### AVAILABLE DATA
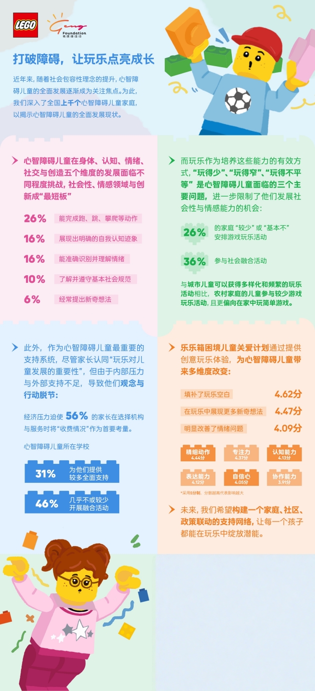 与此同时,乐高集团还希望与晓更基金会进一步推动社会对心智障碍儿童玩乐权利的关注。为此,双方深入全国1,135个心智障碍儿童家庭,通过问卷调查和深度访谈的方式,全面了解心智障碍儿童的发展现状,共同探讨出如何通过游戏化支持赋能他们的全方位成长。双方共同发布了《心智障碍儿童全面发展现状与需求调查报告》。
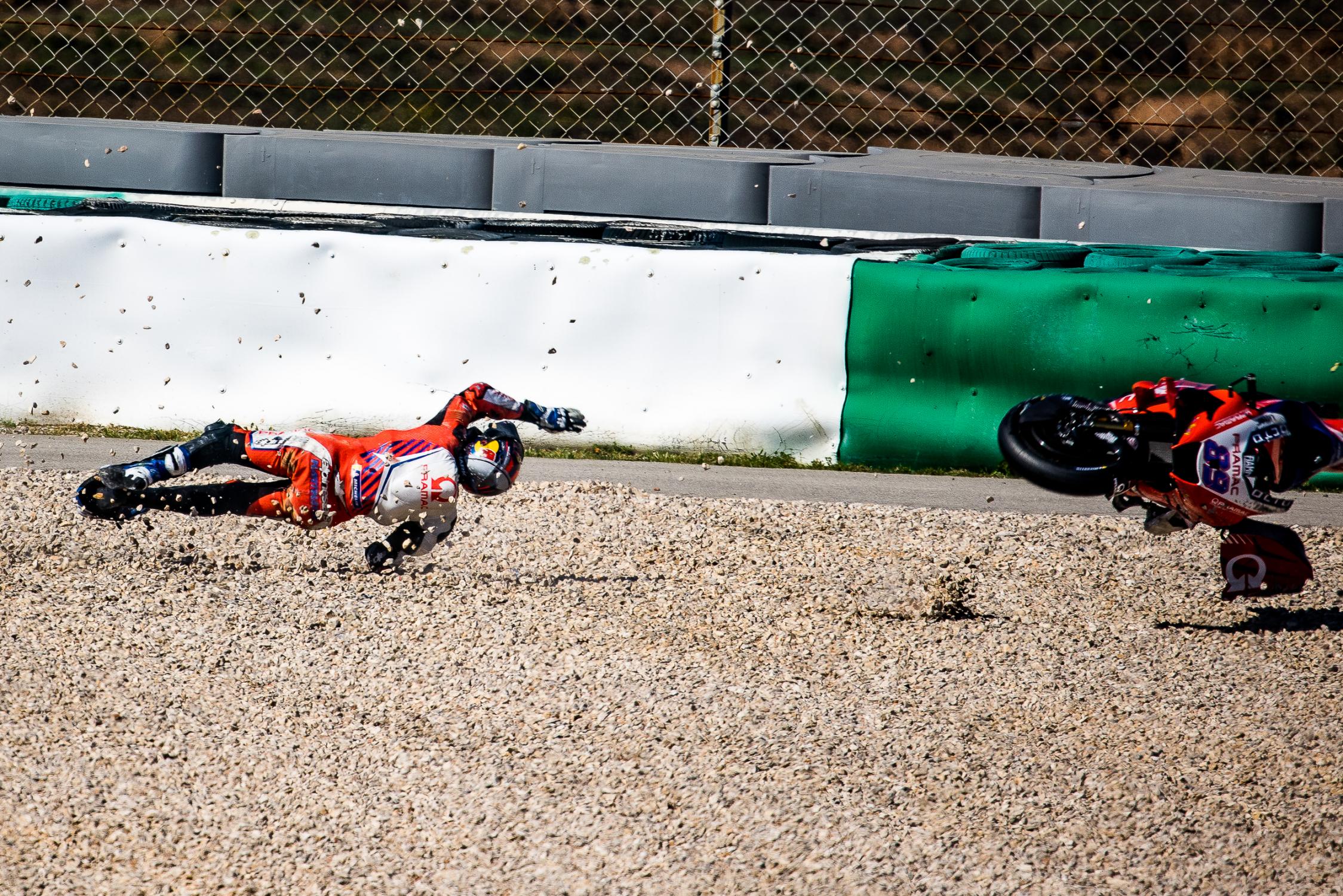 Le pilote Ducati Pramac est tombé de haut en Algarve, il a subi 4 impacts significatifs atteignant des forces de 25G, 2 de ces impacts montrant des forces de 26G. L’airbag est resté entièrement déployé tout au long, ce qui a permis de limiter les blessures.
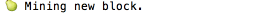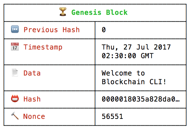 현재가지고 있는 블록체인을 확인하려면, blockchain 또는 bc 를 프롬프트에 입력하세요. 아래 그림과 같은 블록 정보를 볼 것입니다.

### EXERCISE
Copy the listing exactly. Any image in it stays out of the copy.

### EXERCISE SOLUTION
 与此同时,乐高集团还希望与晓更基金会进一步推动社会对心智障碍儿童玩乐权利的关注。为此,双方深入全国1,135个心智障碍儿童家庭,通过问卷调查和深度访谈的方式,全面了解心智障碍儿童的发展现状,共同探讨出如何通过游戏化支持赋能他们的全方位成长。双方共同发布了《心智障碍儿童全面发展现状与需求调查报告》。
 Le pilote Ducati Pramac est tombé de haut en Algarve, il a subi 4 impacts significatifs atteignant des forces de 25G, 2 de ces impacts montrant des forces de 26G. L’airbag est resté entièrement déployé tout au long, ce qui a permis de limiter les blessures.
 현재가지고 있는 블록체인을 확인하려면, blockchain 또는 bc 를 프롬프트에 입력하세요. 아래 그림과 같은 블록 정보를 볼 것입니다.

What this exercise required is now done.